_AVAILABLE DATA_:
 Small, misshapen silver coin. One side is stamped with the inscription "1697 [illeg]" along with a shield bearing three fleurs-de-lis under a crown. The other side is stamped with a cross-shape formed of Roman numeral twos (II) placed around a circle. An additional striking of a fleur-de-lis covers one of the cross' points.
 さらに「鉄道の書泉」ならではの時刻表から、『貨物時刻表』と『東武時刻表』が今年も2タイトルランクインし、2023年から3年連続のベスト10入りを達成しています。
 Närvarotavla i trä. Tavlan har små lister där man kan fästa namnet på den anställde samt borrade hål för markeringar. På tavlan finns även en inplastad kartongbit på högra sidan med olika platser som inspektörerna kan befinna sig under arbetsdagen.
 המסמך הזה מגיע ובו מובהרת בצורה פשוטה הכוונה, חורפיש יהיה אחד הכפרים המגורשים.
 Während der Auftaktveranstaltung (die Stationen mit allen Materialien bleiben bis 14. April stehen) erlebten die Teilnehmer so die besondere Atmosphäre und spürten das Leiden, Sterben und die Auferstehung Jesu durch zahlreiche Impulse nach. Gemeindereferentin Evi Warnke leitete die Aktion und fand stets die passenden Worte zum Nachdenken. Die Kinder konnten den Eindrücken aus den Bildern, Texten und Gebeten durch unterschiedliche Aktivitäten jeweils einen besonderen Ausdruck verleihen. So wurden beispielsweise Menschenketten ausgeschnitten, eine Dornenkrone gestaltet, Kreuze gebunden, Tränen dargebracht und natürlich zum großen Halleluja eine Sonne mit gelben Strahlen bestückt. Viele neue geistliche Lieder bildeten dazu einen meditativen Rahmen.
---
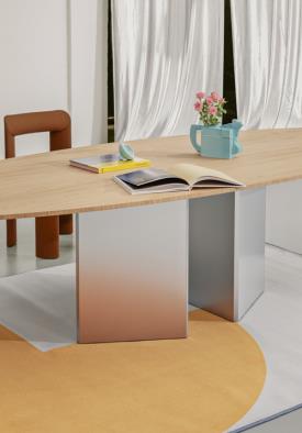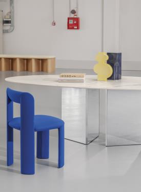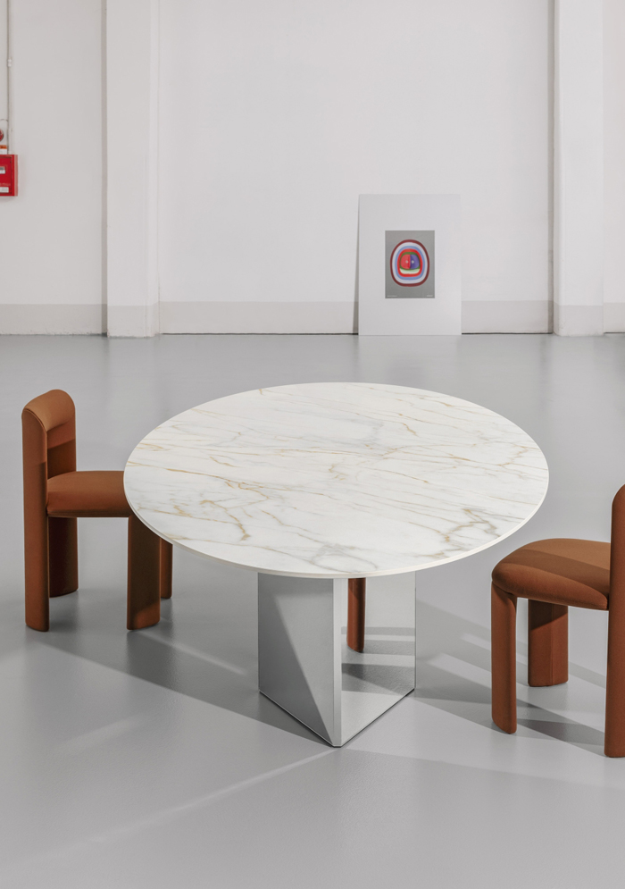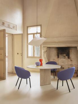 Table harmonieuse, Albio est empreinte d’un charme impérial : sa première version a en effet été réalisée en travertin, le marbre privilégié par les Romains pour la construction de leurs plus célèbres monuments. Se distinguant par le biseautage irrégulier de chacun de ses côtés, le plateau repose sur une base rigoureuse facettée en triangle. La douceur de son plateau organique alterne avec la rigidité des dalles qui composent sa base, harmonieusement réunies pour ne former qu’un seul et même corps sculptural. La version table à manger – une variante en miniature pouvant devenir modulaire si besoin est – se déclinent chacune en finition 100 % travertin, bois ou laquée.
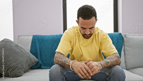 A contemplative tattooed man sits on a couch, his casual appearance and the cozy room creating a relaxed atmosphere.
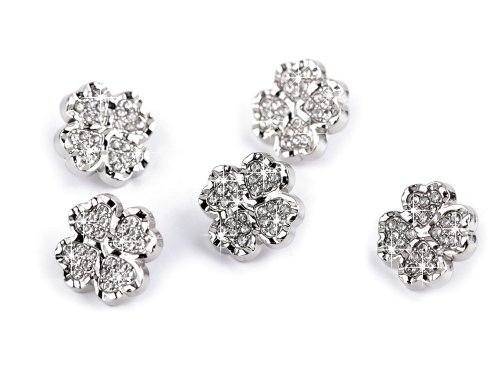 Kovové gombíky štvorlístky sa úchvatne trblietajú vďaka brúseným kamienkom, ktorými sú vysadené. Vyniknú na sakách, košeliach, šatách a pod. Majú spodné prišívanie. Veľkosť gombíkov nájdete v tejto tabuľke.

_ASSIGNMENT_: Within the material above, transcribe exactly the lines that run from the line holding "Small, misshapen silver" through the line holding "המסמך הזה מגיע".

_OUTPUT OF THE TASK_:
 Small, misshapen silver coin. One side is stamped with the inscription "1697 [illeg]" along with a shield bearing three fleurs-de-lis under a crown. The other side is stamped with a cross-shape formed of Roman numeral twos (II) placed around a circle. An additional striking of a fleur-de-lis covers one of the cross' points.
 さらに「鉄道の書泉」ならではの時刻表から、『貨物時刻表』と『東武時刻表』が今年も2タイトルランクインし、2023年から3年連続のベスト10入りを達成しています。
 Närvarotavla i trä. Tavlan har små lister där man kan fästa namnet på den anställde samt borrade hål för markeringar. På tavlan finns även en inplastad kartongbit på högra sidan med olika platser som inspektörerna kan befinna sig under arbetsdagen.
 המסמך הזה מגיע ובו מובהרת בצורה פשוטה הכוונה, חורפיש יהיה אחד הכפרים המגורשים.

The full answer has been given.